One 'T' missing on one allele after bisulfite treatment - (Aug/04/2005 )
Dear Nick and pcrman,
I am puzzled by my BSP result...I found there is one 'T' missing on one allele after the bisulfite treatment. This leads to an outframe deletion at the 5'UTR of my gene. genomic DNA sequencing did not show this phenomenon. Have you ever met this problem? or will this be significant in my gene since I suspect it is imprinted but no literature reports before?
I guess the "T" was a "C" before bisulfite treatment, right? Are you doing direct sequencing or cloning? Is the "T" on the primer? In how many samples have observed this missing "T"?
This could be just a sequencing error, I don't think bisulfite treatment will remove the cytosine from DNA sequence.

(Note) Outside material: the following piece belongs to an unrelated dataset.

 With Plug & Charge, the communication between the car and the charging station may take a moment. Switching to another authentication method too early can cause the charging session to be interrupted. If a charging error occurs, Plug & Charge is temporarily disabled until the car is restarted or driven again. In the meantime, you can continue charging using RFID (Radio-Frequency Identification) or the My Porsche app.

Thanks for your reply pcrman!
I am also wondering how the bisulfite treatment can remove a cytosine?! Yes, the "T" was a "C" before bisulfite treatment, and it is not on the primer. I checked with both forward and reverse primers, totally I have checked 4 individuals, 3 patients 1 normal control, they are the same performance. I did the direct sequencing, now am waiting for the cloning results...
Hi, PCRman. the cloning sequencing shows there are 1, 2, 3 cytosines disappear respectively after the methylation...May I ask if you how to explain it?

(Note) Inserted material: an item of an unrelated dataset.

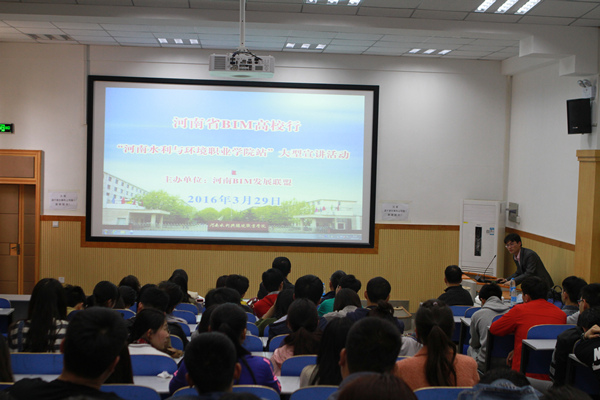 2016年3月29日下午,由河南BIM发展联盟发起的河南省BIM高校行活动在我院顺利举行。郑州大学土木工程学院副教授陈远,鲁班软件河南公司技术总监李金园,河南BIM发展联盟、河南省建设教育协会综合部主任宋任权,河南BIM发展联盟、河南省建设教育协会秘书处主任张慧明,以及我院土木工程系近200名师生代表参加了此次活动。本次活动由我院土木工程系主任包永刚主持,他代表学院对参加此次活动的河南BIM发展联盟的专家表示欢迎。
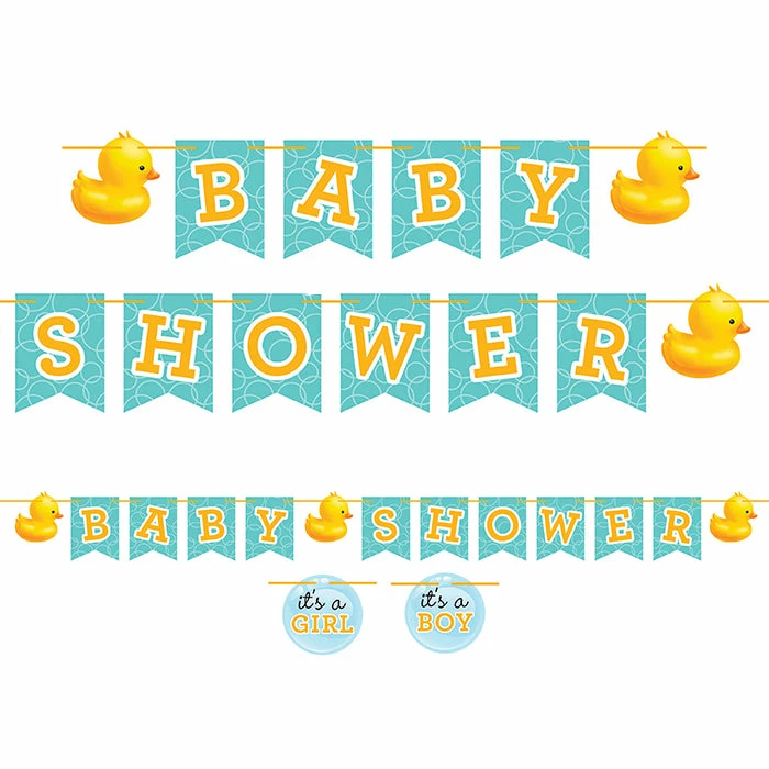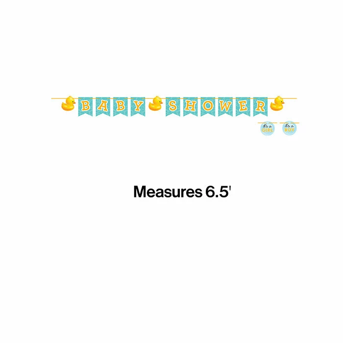 Details: Make a big, bold statement! Add these adorable ribbon banners to your party supplies. A must-have party supply for boys or girls baby showers, hang them on the wall behind party tables or on any wall where the party is happening, indoor or outdoor. These banners are a perfect match with all the party supplies and decorations in our Bubble Bath baby shower collection.. You get one Rubber Duck Bubble Bath Ribbon Banner for this price. Approximate Dimensions: 78 in x 6 in

do you mean that the cytosines have changed to another base, such as a T??
or that base position is missing completely?
The base position is missing completely. Before treatment, the sequence is CCCCCTCCCTCT(12nucleotides), after bisulfite treatment, there are 4 different sequences:TTTTTTTTTT(10), TTTTTTTTTTT(11), TTTTTTTTTTTTT(13) and the normail 12Ts one. This is the cloning PCR results, the direct sequencing shows unorderly deletion...)
Does anyone have any idea about this? Thank you very much.

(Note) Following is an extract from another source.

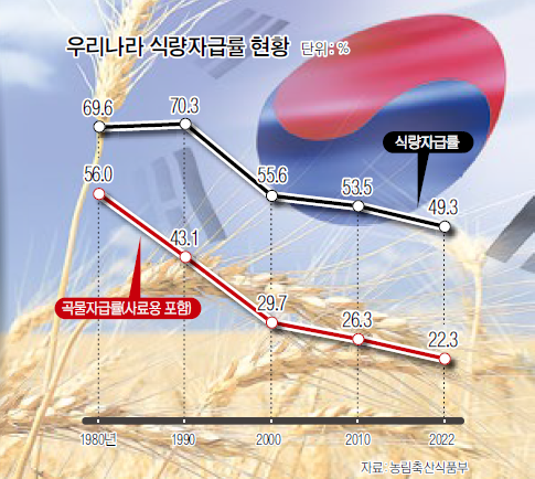 우리나라는 연간 국내 곡물 수요량 2300만t 가운데 1800만t을 수입하는 세계 7대 식량 수입국이다. 농림축산식품부에 따르면 2022년 기준 사료용을 제외한 국내 식량자급률은 49.3%, 사료용을 포함한 곡물자급률은 22.3%다. 쌀 자급률은 100%를 넘지만, 밀·옥수수·콩의 곡물자급률은 각각 0.7%, 0.8%, 7.7%에 불과하다. 이러한 상황은 1990년을 기점으로 계속 악화하는 추세다.

I think I know your problem
PCR polymerase slippage, with such a long run of T's there are bound to be errors from the polymerase, especially if you are using Taq. The clones you have isolated have picked up templates with polymerase slippage error. I would try using a more processive polymerase and the problem will go away.
Thanks Nick! I will try another high fidelity polymerase.
I would try the Finnzyme/NEB Phusion enzyme. Also, I would use a lower than normal extension temperature, given the very low GC content being amplified.